### AIM OF THE EXERCISE
Quote word for word the lines starting at the line with "L'actuel hôtel de" and ending at the final line of the entries. Leave out any pictures.

==== RECORDS PROVIDED ====

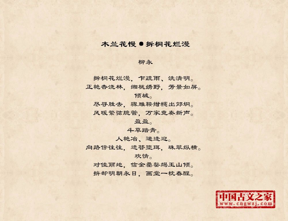 拆桐花烂漫,乍疏雨、洗清明。正艳杏浇林,缃桃绣野,芳景如屏。倾城。尽寻胜去,骤雕鞍紺幰出郊坰。风暖繁弦脆管,万家竞奏新声。盈盈。斗草踏青。人艳冶、递逢迎。向路傍往往,遗簪堕珥,珠翠纵横。欢情。对佳丽地,信金罍罄竭玉山倾。拚却明朝永日,画堂一枕春酲。
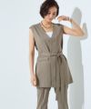 ざっくりと入ったバックスリットがアクセントになったジレベスト。すっきりしたノーカラーデザインでカジュアルなスタイルに大人っぽさをプラスします。付属のベルトでのウエストマークコーデも上級者スタイルへと導きます。
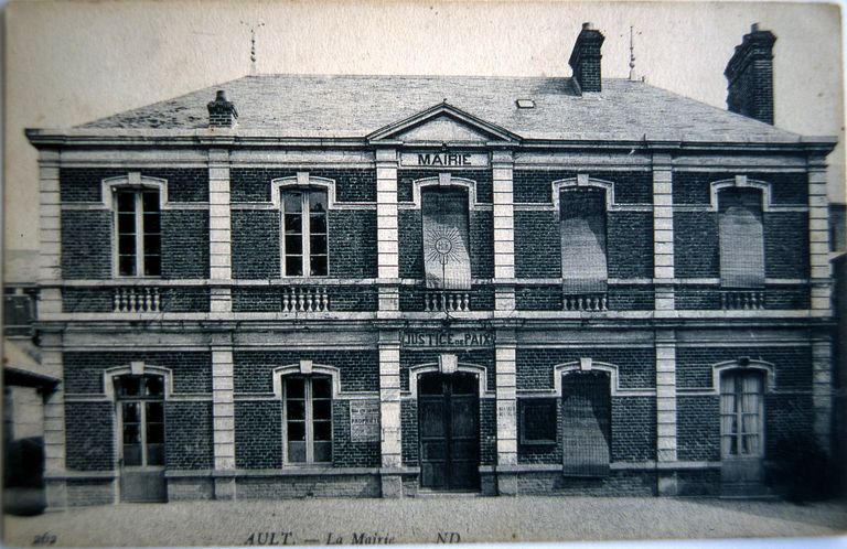 L'actuel hôtel de ville d'Ault remplace l'ancienne école, mairie et justice de paix. Il a été construit entre 1964 et 1971, dates des vues aériennes de l'IGN.
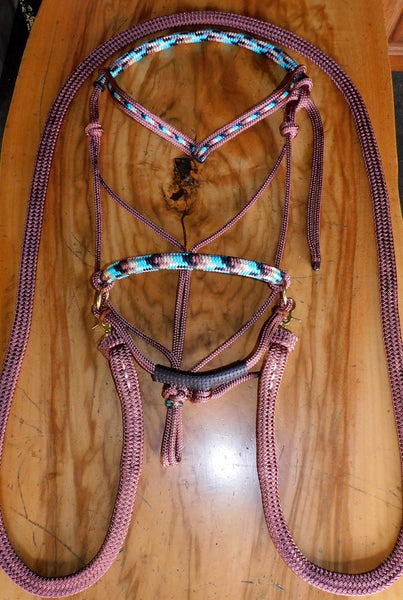 Simple chin riding halter and reins set in light brown with "Apache Dream" padding/inset.
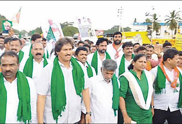 முன்னதாக சென்னப்பட்டணாவில் உள்ள கெங்கல் ஆஞ்சனேய சுவாமி கோவிலில் சிறப்பு பூஜைகளை செய்து பா.ஜனதாவினர் வழிபட்டனர். பின்னர் ஆஞ்சனேய சுவாமி கோவிலில் இருந்து பெங்களூருவுக்கு பா.ஜனதாவினர் பாதயாத்திரை மேற்கொண்டனர். நேற்று காலையில் தொடங்கிய பாதயாத்திரை நாளை (சனிக்கிழமை) பெங்களூருவை வந்தடைகிறது. பாதயாத்திரையில் பா.ஜனதா கட்சியை சேர்ந்த எம்.எல்.ஏ.க்களான ரேணுகாச்சார்யா, குமார் பங்காரப்பா மற்றும் நூற்றுக்கணக்கான விவசாயிகள் கலந்து கொண்டுள்ளனர்.
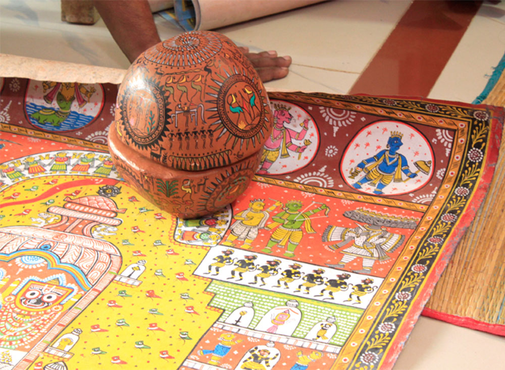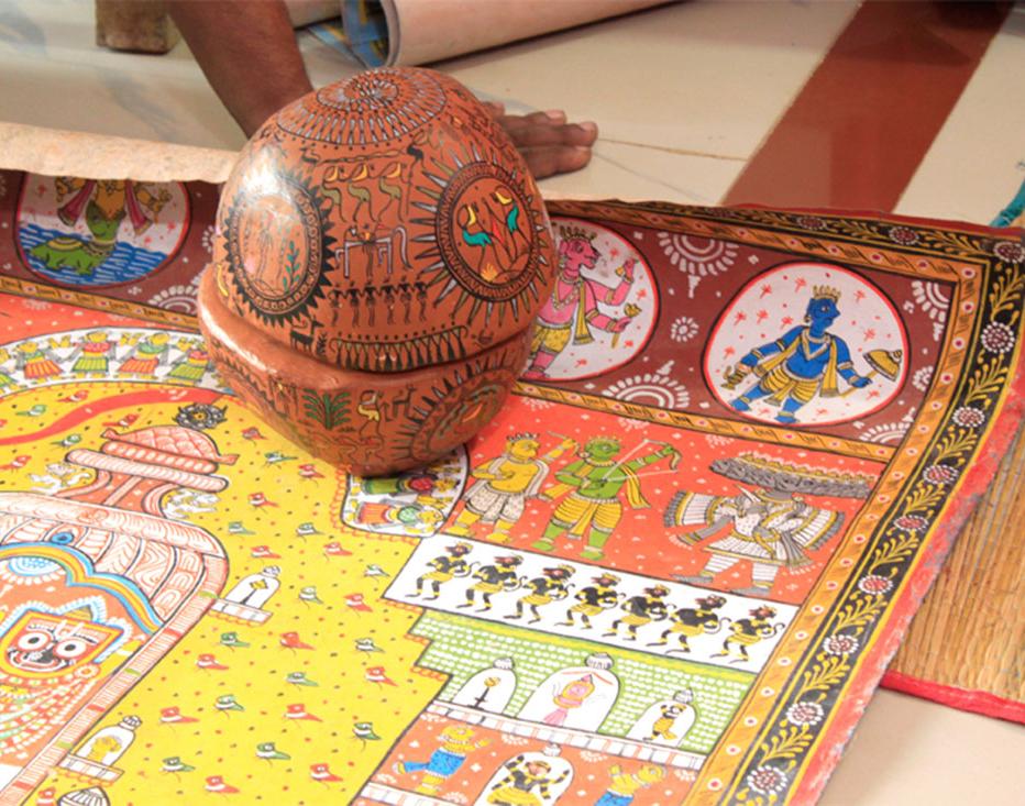 Patachitra, the intricate and artistic folk art, literally meaning ‘Picture on cloth canvas’. Its deliberate characterization, dexterous play of lines and colours and mélange of aesthetic themes stand it apart from the other miniature art and painting styles. Earlier done only on a cloth canvas and traditionally known to depict only religious and cultural aspects, today Patachitra artists are seen experimenting new mediums and themes. Seen as a significant cultural memorabilia in the temples, a rare collectable in the form of Ganjappa cards or as an object of pure home décor, Patachitra is an art to live and flourish.
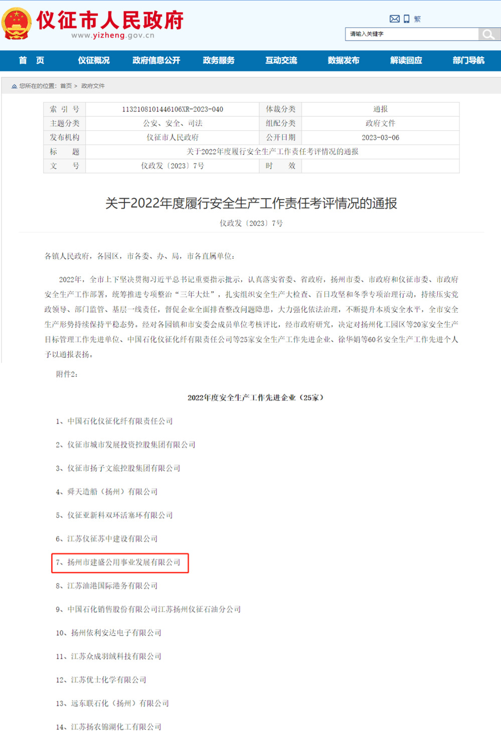 近日,仪征市人民政府通报了2022年度履行安全生产工作责任考评情况,建盛公司荣获2022年度安全生产工作先进企业。
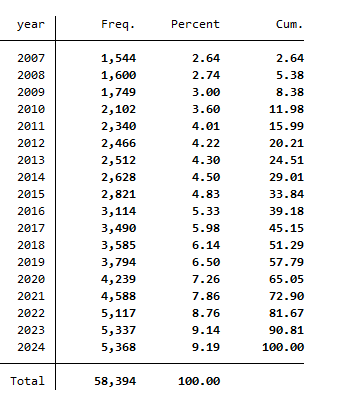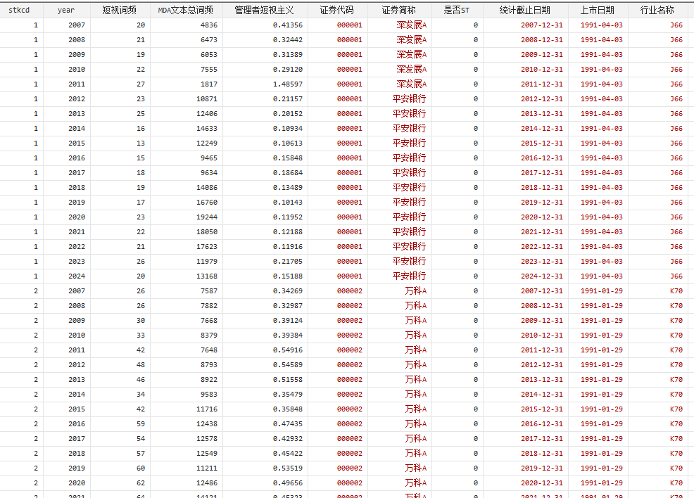 2024 - 2007年A股上市公司企业管理层短视主义数据送stata代码参照方法:李倩茹, 翟华云.管理者短视主义会影响企业数字化转型吗
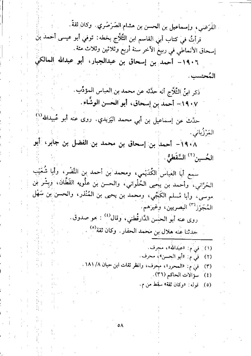 1906 - أَحْمَد بْن إِسْحَاق بْن عَبْد الجبار أَبُو عَبْد اللَّه المالكي المحتسب ذكر ابن الثلاج أنه حدثه عَنْ مُحَمَّد بْن الْعَبَّاس المؤدب.

====

### SOLUTION TO THIS TASK
 L'actuel hôtel de ville d'Ault remplace l'ancienne école, mairie et justice de paix. Il a été construit entre 1964 et 1971, dates des vues aériennes de l'IGN.
 Simple chin riding halter and reins set in light brown with "Apache Dream" padding/inset.
 முன்னதாக சென்னப்பட்டணாவில் உள்ள கெங்கல் ஆஞ்சனேய சுவாமி கோவிலில் சிறப்பு பூஜைகளை செய்து பா.ஜனதாவினர் வழிபட்டனர். பின்னர் ஆஞ்சனேய சுவாமி கோவிலில் இருந்து பெங்களூருவுக்கு பா.ஜனதாவினர் பாதயாத்திரை மேற்கொண்டனர். நேற்று காலையில் தொடங்கிய பாதயாத்திரை நாளை (சனிக்கிழமை) பெங்களூருவை வந்தடைகிறது. பாதயாத்திரையில் பா.ஜனதா கட்சியை சேர்ந்த எம்.எல்.ஏ.க்களான ரேணுகாச்சார்யா, குமார் பங்காரப்பா மற்றும் நூற்றுக்கணக்கான விவசாயிகள் கலந்து கொண்டுள்ளனர்.
 Patachitra, the intricate and artistic folk art, literally meaning ‘Picture on cloth canvas’. Its deliberate characterization, dexterous play of lines and colours and mélange of aesthetic themes stand it apart from the other miniature art and painting styles. Earlier done only on a cloth canvas and traditionally known to depict only religious and cultural aspects, today Patachitra artists are seen experimenting new mediums and themes. Seen as a significant cultural memorabilia in the temples, a rare collectable in the form of Ganjappa cards or as an object of pure home décor, Patachitra is an art to live and flourish.
 近日,仪征市人民政府通报了2022年度履行安全生产工作责任考评情况,建盛公司荣获2022年度安全生产工作先进企业。
 2024 - 2007年A股上市公司企业管理层短视主义数据送stata代码参照方法:李倩茹, 翟华云.管理者短视主义会影响企业数字化转型吗
 1906 - أَحْمَد بْن إِسْحَاق بْن عَبْد الجبار أَبُو عَبْد اللَّه المالكي المحتسب ذكر ابن الثلاج أنه حدثه عَنْ مُحَمَّد بْن الْعَبَّاس المؤدب.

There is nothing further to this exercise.